Вообще в тот день, двадцать первого июня семидесятого года, Александр Трифонович был как-то необыкновенно прост, радушен, спокоен и терпелив. Терпеливо, с мудрым смирением выслушивал заздравные речи, иные из которых были довольно трескучие и помпезные. Но были и речи замечательно искренние, от которых слезы наворачивались на глаза. Ведь всем хотелось сказать хоть несколько слов. И он был одинаково терпелив и внимателен ко всем. А потом читал стихи, написанные в последнее время. Читал по листочкам, по рукописям. Все это происходило на веранде, гости сидели вокруг стола уже в некотором подпитии, уже затевался шум, общие разговоры, кто-то вышел в сад, кто-то сидел в комнатах, и вдруг все протрезвели и притихли. Стихи поразили нас. Они были о конце жизни. О смысле жизни. О том, что жизнь прекрасна, несмотря ни на что… В суете и волнениях вокруг журнала, принимавших, надо сказать, планетарный характер — разгон «Нового мира» обсуждался в эфире на всех языках, — как-то отодвинулось и порой совсем выпадало из сознания то обстоятельство, что Александр Трифонович — поэт громадной мощи, может быть, самый большой поэт сейчас на этой планете, занятой шумом вокруг его журнала. И вот негромкий голос напомнил об этом. И мелькнула, вдруг благодарная мысль: а может, все к лучшему? У него будут теперь время и силы для главного дела, к которому он призван на землю.
Но к лучшему ничего не было. Время и силы подошли к концу.

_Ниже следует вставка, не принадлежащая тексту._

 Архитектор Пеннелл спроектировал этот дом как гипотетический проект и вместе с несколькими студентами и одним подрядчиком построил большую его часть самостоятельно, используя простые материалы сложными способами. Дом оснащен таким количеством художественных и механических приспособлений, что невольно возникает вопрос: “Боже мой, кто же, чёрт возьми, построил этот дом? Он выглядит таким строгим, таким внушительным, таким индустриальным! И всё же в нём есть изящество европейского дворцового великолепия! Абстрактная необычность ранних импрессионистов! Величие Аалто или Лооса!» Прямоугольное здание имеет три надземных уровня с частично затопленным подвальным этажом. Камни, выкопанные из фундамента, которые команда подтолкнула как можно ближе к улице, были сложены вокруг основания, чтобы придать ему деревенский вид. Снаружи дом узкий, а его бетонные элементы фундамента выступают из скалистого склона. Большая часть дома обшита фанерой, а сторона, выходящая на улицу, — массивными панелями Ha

Как-то в июле, вскоре после дня рождения, сидели мы с Александром Трифоновичем и Диком на маленькой диковской веранде с пивом, воблой и сигаретами «Прима», и Дик вдруг сказал со своим простодушием детского писателя:
— А все же, Александр Трифонович, зря ты подал заявление об уходе. Не надо было тебе уходить.
Это была бестактность, но Дику-то все прощалось. Я думал, что Александр Трифонович отмахнется презрительно или же вовсе не обратит внимания, как если бы человек сделал за столом нечаянную оплошность. Но Александр Трифонович внезапно закрыл руками лицо и с необычайной болью и силой прошептал:
— Да как же вы не понимаете, что я не мог, не мог иначе! Не мог!

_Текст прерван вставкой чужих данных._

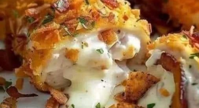 The Ultimate Crunchy, Creamy, Cheesy Dinner That’ll Blow Your Mind!If you’re looking for a recipe that screams comfort food with a bold, fun twist — this Cream Cheese & Bacon Stuffed Doritos Chicken will hit every craving you didn’t even know you had. It’s juicy on the inside, crunchy on the outside, and bursting with smoky bacon and creamy cheese goodness.Whether you’re cooking for family, friends, or just treating yourself, this dish guarantees that silence at the table moment when everyone’s too busy enjoying every bite.🛒 Ingredients Breakdown & What They Do🍗 Chicken Breasts (4 pieces)The base of the recipe — boneless, skinless chicken breasts are perfect for stuffing and bake evenly. Make sure they’re thick enough to butterfly and fill with the creamy mixture.🧂 Salt & PepperThe simplest yet most important seasoning to enhance all the flavors.🧀 Cream Cheese (4 oz, softened)Creates that rich, velvety filling that melts beautifully inside the chicken. The softness makes it easy to mix and stuff.🧀 Shredded Cheddar Cheese (½ cup)Adds sharp, cheesy flavor and helps the filling stay gooey and satisfying when baked.🥓 Bacon (4 slices, cooked and crumbled)Because everything tastes better with bacon! It adds smoky flavor, salty crunch, and a savory kick to the creamy filling.🔥 Crushed Doritos (1 cup)The star of the coating! Doritos give the chicken that iconic crunch and a bold flavor twist. Choose your favorite flavor — Nacho Cheese for classic, Cool Ranch for tangy, or Spicy Sweet Chili for a kick.🥚 Eggs (2, beaten)The eggs help the crushed Doritos stick firmly to the chicken, creating that crispy crust.🫒 Olive Oil (1 tbsp)Used to lightly grease the baking dish to prevent sticking and help with even browning.👩🍳 Step-by-Step MethodPrep the Oven and DishPreheat your oven to 375°F (190°C). Lightly grease your baking dish with olive oil — this keeps the coating from sticking and helps it crisp nicely.Butterfly the ChickenPlace a chicken breast flat on a cutting board. Using a sharp knife, carefully slice horizontally to create a pocket, being sure not to cut all the way through. Repeat for all four breasts.Season the ChickenSprinkle a bit of salt and pepper inside and outside each piece for flavor from the inside out.Make the Creamy FillingIn a small bowl, mix the softened cream cheese, shredded cheddar, and crumbled bacon until smooth and evenly combined.Stuff the ChickenSpoon the cream cheese mixture into each chicken pocket. Don’t overfill — just enough to close the edges by pressing gently.Coat with DoritosCrush your Doritos (you can use a food processor or a zip bag and rolling pin). Dip each stuffed chicken breast into the beaten eggs, then coat generously with the crushed Doritos, pressing gently so they stick well.Bake to Crispy PerfectionPlace the coated chicken breasts in the prepared dish and bake for 25–30 minutes until golden, crunchy, and cooked through (internal temperature should reach 165°F / 74°C).Rest and ServeLet the chicken rest for a few minutes before serving so the filling can settle and stay creamy.💡 Pro Tips for SuccessUse thick chicken breasts so they’re easy to stuff without tearing.Soften the cream cheese fully — it mixes smoother and spreads easily.Don’t crush Doritos too fine; you want texture for that extra crunch.Add spice: Mix chili flakes or hot sauce into the filling for extra heat.Air fryer option: Cook at 375°F (190°C) for about 18–20 minutes for an ultra-crispy crust.🍴 Serving SuggestionsServe with a fresh garden salad or coleslaw to balance the richness.Pair with mashed potatoes, corn on the cob, or fries for comfort food heaven.Drizzle with ranch dressing, BBQ sauce, or spicy mayo for an extra burst of flavor.Turn it into a sandwich or wrap for next-day leftovers — it’s even better cold!🧾 Nutritional Information (per serving, approx.)Nutrient AmountCalories 420 kcalProtein 35 gFat 25 gCarbohydrates 12 gSugar 2 gSodium 480 mg(Values may vary based on Doritos flavor and cheese type used.)❓ Frequently Asked Questions (FAQ)Q1: Can I use flavored cream cheese?Absolutely! Try chive and onion or jalapeño cream cheese for a flavor boost.Q2: Can I use chicken thighs instead of breasts?Yes, but they’re smaller — so use less filling and adjust cooking time to 20–25 minutes.Q3: What flavor of Doritos works best?Nacho Cheese is the classic choice, but Cool Ranch or Spicy Sweet Chili add a unique twist!Q4: Can I prepare it ahead of time?Yes! You can stuff and coat the chicken up to 12 hours ahead and refrigerate. Bake right before serving.Q5: Can I freeze it?Yes. Freeze uncooked stuffed chicken on a tray, then store in airtight bags. Bake from frozen at 375°F for 35–40 minutes.🌟 Why Everyone Loves This RecipeCombines creamy, crispy, cheesy, and smoky all in one biteUses simple ingredients but delivers restaurant-quality flavorPerfect for family dinners, potlucks, or game nightsFun and creative twist on classic stuffed chickenIn short: This Cream Cheese & Bacon Stuffed Doritos Chicken is comfort food with personality — bold, creamy, crunchy, and totally addictive. Try it once, and it might just become your signature dinner dish!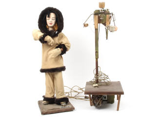 bel automate de la prestigieuse fabrique JAF (Jouets Automates Français) - fabrication 1930-1940 - système életrique non testé - hauteur totale : 60 cm environ - présenté sur socle en bois avec étiquette de désignation JAF - costume ancien d'ESQUIMAU avec veste, pantalon & gants (petites restaurations) & fourrure - tête en composition avec nombreuses craquelures - perruque en laine & yeux en sulfure avec paupières - bon état général malgré quelques traces d'usure - on y joint un châssis motorisé d'automate probablement de la même marque (non testé) avec axe, un reste de main & les yeux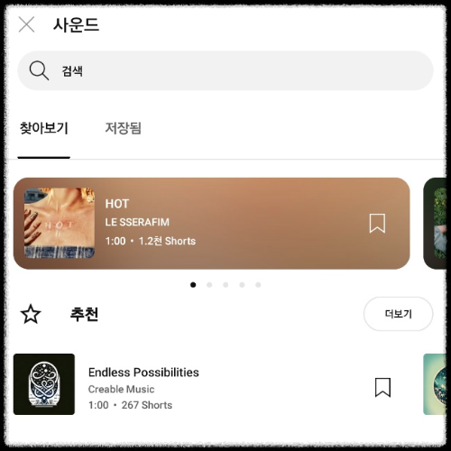 먼저, 모바일 내 유튜브에서 영상 업로드 화면으로 이동하면 상단에 [사운드 추가] 버튼을 위와 같이 확인해 볼 수 있다. 해당 버튼을 선택해 주도록 하자.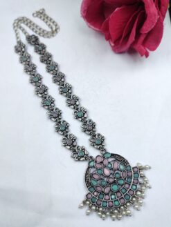 The appeal of this necklace lies in its ability to balance subtlety with statement style. It is perfect for both minimal everyday looks and elaborate festive outfits. The lightweight structure ensures comfort, allowing you to wear it for long hours without any inconvenience. This makes it a practical yet stylish addition to your jewelry collection.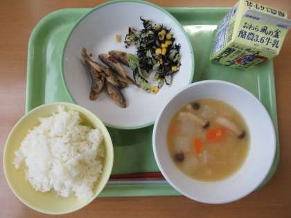 小あじのから揚げは、さくさくしていて、おいしかったです。ひじきのマリネは少し酸味がありましたが、コーンの甘味とよく合っていました。ポトフは大根やじゃがいもなどの野菜がとても柔らかかったです。今日はテストでたくさん頭を使い、つかれていましたが、給食で元気が出ました。 給食委員長 出戸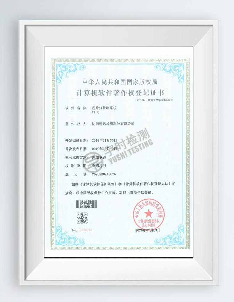 觀片燈控制系統(tǒng)軟件著作權(quán)證書(shū)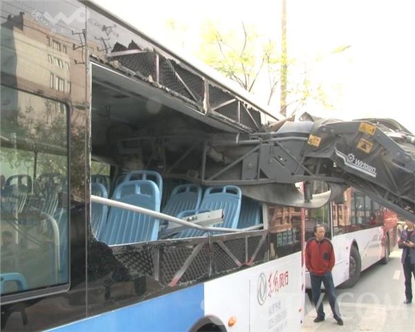 今天(4月13日)早上7点40左右,南京大厂葛关路发生起一起车祸,一辆施工铣刨机在转弯的时候,3米长的履带伸臂插入一辆正常行驶的618公交车中,造成公交车内多人受伤,其中五人伤势比较严重。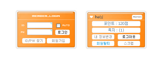 오렌지색 아웃로그인입니다...(회원탈퇴 버튼이 들어있습니다.) 정보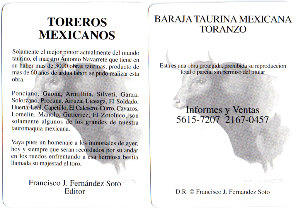 “Baraja Taurina Mexicana Toranzo” published by Francisco Javier Fernández y Soto, 2003, featuring original paintings by Antonio Navarrete (1925-2004). See the Information Cards►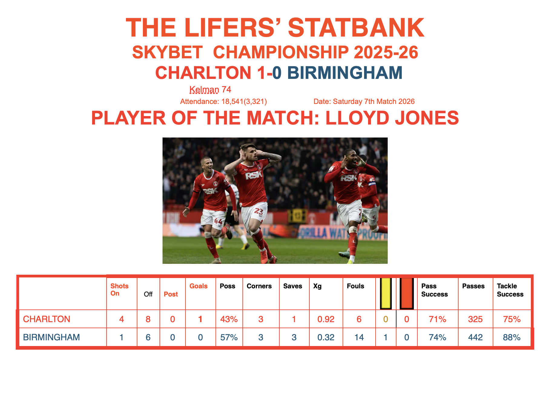 STATBANK: CHARLTON 1-0 BIRMINGHAM

Тогда же или чуть позже, в августе. Зачем-то он зашел ко мне на участок. В углу участка у забора лежали доски, оставшиеся от строительства терассы. Хозяин я нерадивый, и доски лежали плохо, не укрытые ничем — мне на них, честно говоря, было плевать, я считал, что они не понадобятся. Помню, года четыре назад Александр Трифонович просил у меня несколько досок для каких-то своих нужд. И вот, зайдя в августе, вдруг сказал:
— Я когда-то все удивлялся: как это можно, думаю, оставлять доски вот этак лежать под дождем, гнить… А сейчас думаю: правильно, а чего беречь? И сами сгнием…
Печаль была непомерная. То, что называется, смертная печаль.

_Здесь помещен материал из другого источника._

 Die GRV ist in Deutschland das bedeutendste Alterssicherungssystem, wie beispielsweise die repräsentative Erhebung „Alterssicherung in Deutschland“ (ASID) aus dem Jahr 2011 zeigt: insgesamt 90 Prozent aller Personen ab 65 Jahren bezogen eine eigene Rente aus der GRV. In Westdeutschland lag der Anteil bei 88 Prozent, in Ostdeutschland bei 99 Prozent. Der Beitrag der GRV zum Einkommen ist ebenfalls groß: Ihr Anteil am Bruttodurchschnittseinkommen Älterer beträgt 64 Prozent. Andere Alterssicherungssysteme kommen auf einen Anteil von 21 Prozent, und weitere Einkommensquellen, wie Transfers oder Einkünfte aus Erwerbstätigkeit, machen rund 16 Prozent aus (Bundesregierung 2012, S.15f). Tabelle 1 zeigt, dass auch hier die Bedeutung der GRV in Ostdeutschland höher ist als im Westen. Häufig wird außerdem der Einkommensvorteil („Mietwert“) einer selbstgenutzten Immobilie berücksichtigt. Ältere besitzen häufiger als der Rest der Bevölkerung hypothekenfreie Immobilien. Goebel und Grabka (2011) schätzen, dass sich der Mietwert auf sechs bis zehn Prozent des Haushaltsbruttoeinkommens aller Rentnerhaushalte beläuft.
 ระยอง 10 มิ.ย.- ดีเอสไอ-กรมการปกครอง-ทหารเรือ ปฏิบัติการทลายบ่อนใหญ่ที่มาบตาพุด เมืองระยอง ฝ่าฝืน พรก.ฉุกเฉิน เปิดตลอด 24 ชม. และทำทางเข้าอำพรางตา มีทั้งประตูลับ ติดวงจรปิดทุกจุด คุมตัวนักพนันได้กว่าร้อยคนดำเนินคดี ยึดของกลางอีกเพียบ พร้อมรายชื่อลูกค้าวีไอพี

К концу лета он стал чувствовать себя хуже, как-то заметно ослаб. Жаловался на эмфизему. Врачи велели бросить курить, но он и этого сделать не мог. Несколько дней телефон у него на даче почему-то не работал, и А. Т. заходил ко мне чуть ли не ежедневно: звонить.
В один из начальных дней сентября у нас произошел такой разговор. В августе я закончил повесть «Предварительные итоги», дал почитать знакомым, среди них Софье Дмитриевне Разумовской. Софья Дмитриевна редактировала мои вещи в «Знамени», я ценил ее вкус, давал ей читать свои сочинения в рукописи. О «Предварительных итогах» Софья Дмитриевна сказала: «Кожевникову это нельзя даже показывать!» Итак, «Знамя» отпало. «Дружба народов» тоже отпала из-за фигуры туркменского поэта, написанного ядовито. С «Москвой» не было никаких отношений и идти туда не имело смысла. Словом, я решил по старой привычке дать почитать Асе Берзер и отнес повесть в «Новый мир». Мне не хотелось, чтобы Александр Трифонович узнал об этом от работников журнала, а не от меня, и я сказал ему:
— Александр Трифонович, я был на днях в вашем бывшем журнале.
— Зачем же? — спросил он.
Я сказал, что отнес повесть. Выговорить эти слова было тяжело и неприятно, но нужно. Александр Трифонович, помолчав, сказал:
— Что ж, Юрий Валентинович, время прошло… Первые полгода было как-то трудно примириться, а теперь, что ж, мне все равно. А вам, я понимаю, тяжелей идти к Кожевникову, чем к этим людям, вам неизвестным…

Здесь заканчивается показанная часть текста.